Tuesday, March 4, 2014

Long Live Henrietta Lacks!

He La, the  play which won the Scottish Theatre Fringe Award for the best production at the Edinburgh Festival 2013,  ran to packed  houses in Jagriti Theatre. Adura Onashile the solo performer  unfolded the little known story of Henrietta Lacks, immortalized as HeLa, the  human cell line that defies death  and  grows in petridishes in the laboratory on which  medical and biological  research is done world over.   

It was in 1950 that Henrietta Lacks consulted Dr. George Otto Gey at the Johns Hopkins Hospital, Baltimore. The diagnosis :  cervical cancer. Dr. Gey had been seeing cancer patients for quite some time.  Hell bent on understanding the disease better and thus zero in on a cure, he routinely collected cancer cell samples from patients.  If only he could grow them  in the laboratory ! The collected samples were coded  with the first two letters of the patient's first and last names.
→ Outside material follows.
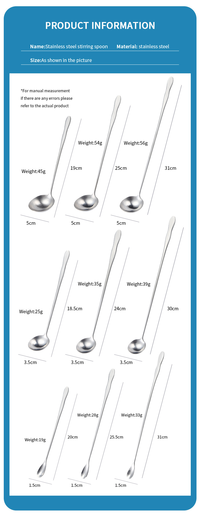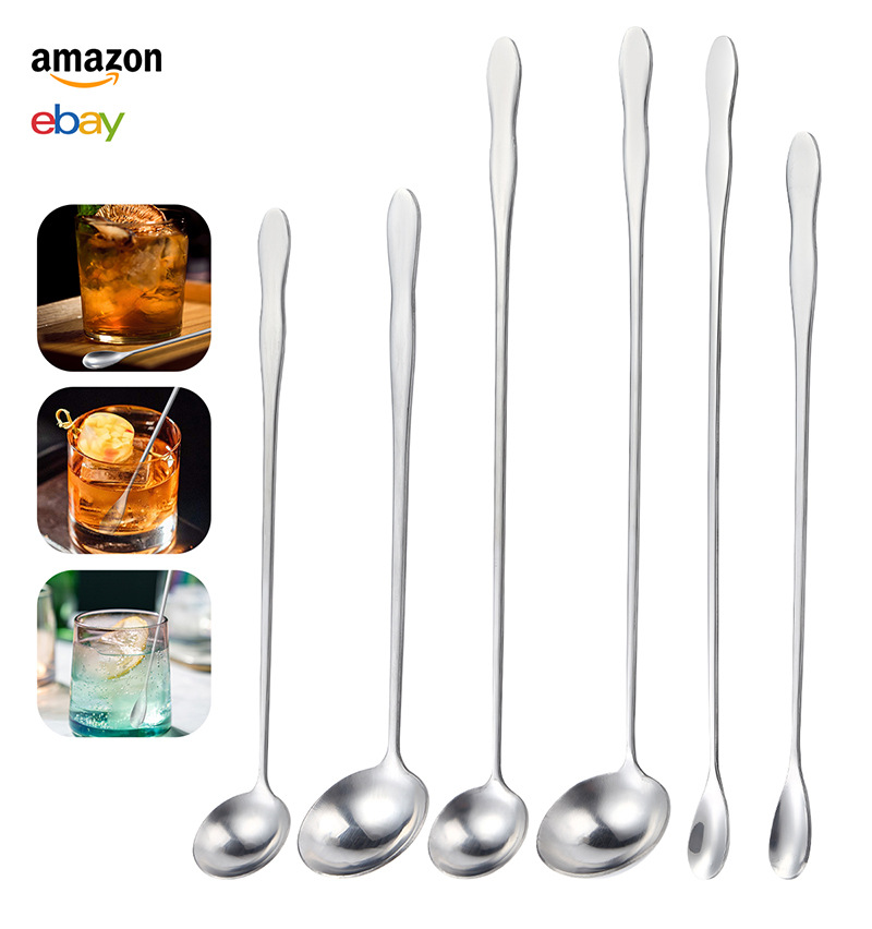 국경 기름 숟가락 스테인레스 스틸 숟가락 긴 손잡이 조미료 숟가락 혼합 숟가락 창조적 인 조롱박 손잡이 작은 숟가락 얼음 숟가락 바 숟가락

And that is how Henrietta Lacks became HeLa. Of the several thousand samples collected,  only HeLa  demonstrated the unusual ability to survive and multiply   in petridishes. Thus the first   immortal human cell line HeLa was borne.  Since then for biomedical research  HeLa cells have  become the crucial and inevitable raw material. HeLa cells  standardized the  procedures and processes  for experimental  research. Scientists now could compare and contrast their results, repeat and reproduce their experiments  on a common platform: everyone was using HeLa cells.  

When Dr Gey took samples from his patients, there were no laws  on medical  ethics in place. Dr Gey's intentions were purely scientific. He freely shared the samples with other researchers. He never attempted to patent them either.  In 1951 The Tuskegee Institute took up the responsibility of mass producing HeLa cells and supplying it for research,  this too was a non-profit mission. Necessity not only gives birth to invention (also called discovery) but also its twin brother Business.  As demand  grew  He La production  moved into the  hands of  profit-makers. Currently HeLa cell line is available from certain pharmceutical firms for a price. It is important to mention here that Henrietta's descendants never received any benefits from any of these business ventures.In fact  it was only in 1973, that they even came to know about the existence of HeLa cells and its true identity.  In fact  Rebecca Skloot  mentions that they are too poor to afford health insurance

In 1950, 30 year old Henrietta Lacks had  entered the Johns Hopkins Hospital and walked into the  ward set aside for COLOREDs in the Johns Hopkins  Hospital, because that was what she was- a woman of African American origin. Today, if alive she would have touched 84 and as it says in the play how  would she have felt  to know that anyone who has taken a pill stronger than aspirin owes it to  her?  


Immortal Life of Henrietta Lacks: by Rebecca Skloot (Reprinted by  Broadway Books 2011, ISBN-10 9768140005218).